WHAT YOU SHOULD DO. Verbatim output of the lines below is required, with the images omitted.

AVAILABLE DATA.

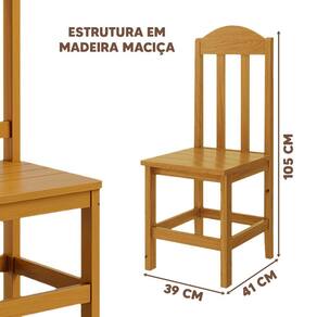 Dimensões da Cadeira:Largura 39 cm; Profundidade 41 cm;Altura 105 cm.
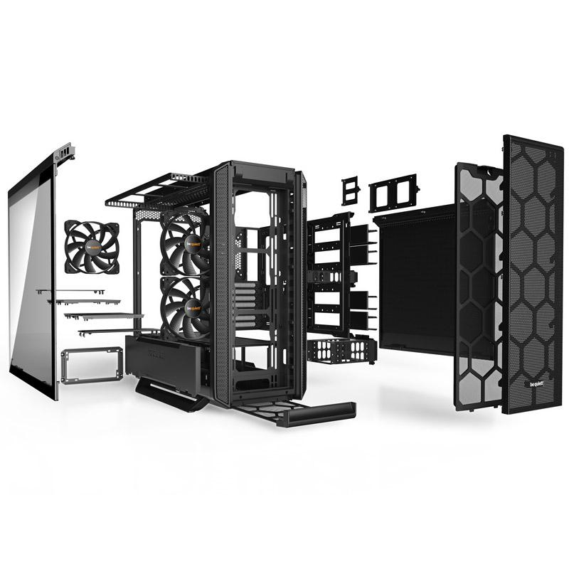 Trije prednameščeni ventilatorji Pure Wings 2 140 mm z lopaticami ventilatorjev, optimiziranimi za pretok zraka, zagotavljajo popoln pretok zraka in trdno hlajenje, ne glede na to, ali ste izbrali konfiguracijo, optimizirano za visok pretok zraka ali tišino.
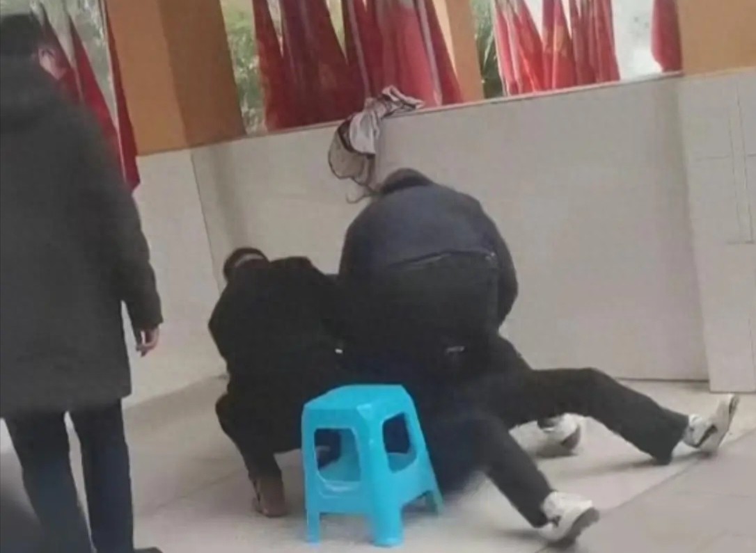 视频中,一名男生被一名男子从身后抱住,另一名男子手持剃刀意图剪发,学生反抗激烈,过程中被按倒在地,并疑遭锁喉,多次摔倒。视频配文称重庆垫江一中教师因仪容仪表检查,对学生实施抱摔、锁喉并强行剪发。

RESULT OF THE EXERCISE.
 Dimensões da Cadeira:Largura 39 cm; Profundidade 41 cm;Altura 105 cm.
 Trije prednameščeni ventilatorji Pure Wings 2 140 mm z lopaticami ventilatorjev, optimiziranimi za pretok zraka, zagotavljajo popoln pretok zraka in trdno hlajenje, ne glede na to, ali ste izbrali konfiguracijo, optimizirano za visok pretok zraka ali tišino.
 视频中,一名男生被一名男子从身后抱住,另一名男子手持剃刀意图剪发,学生反抗激烈,过程中被按倒在地,并疑遭锁喉,多次摔倒。视频配文称重庆垫江一中教师因仪容仪表检查,对学生实施抱摔、锁喉并强行剪发。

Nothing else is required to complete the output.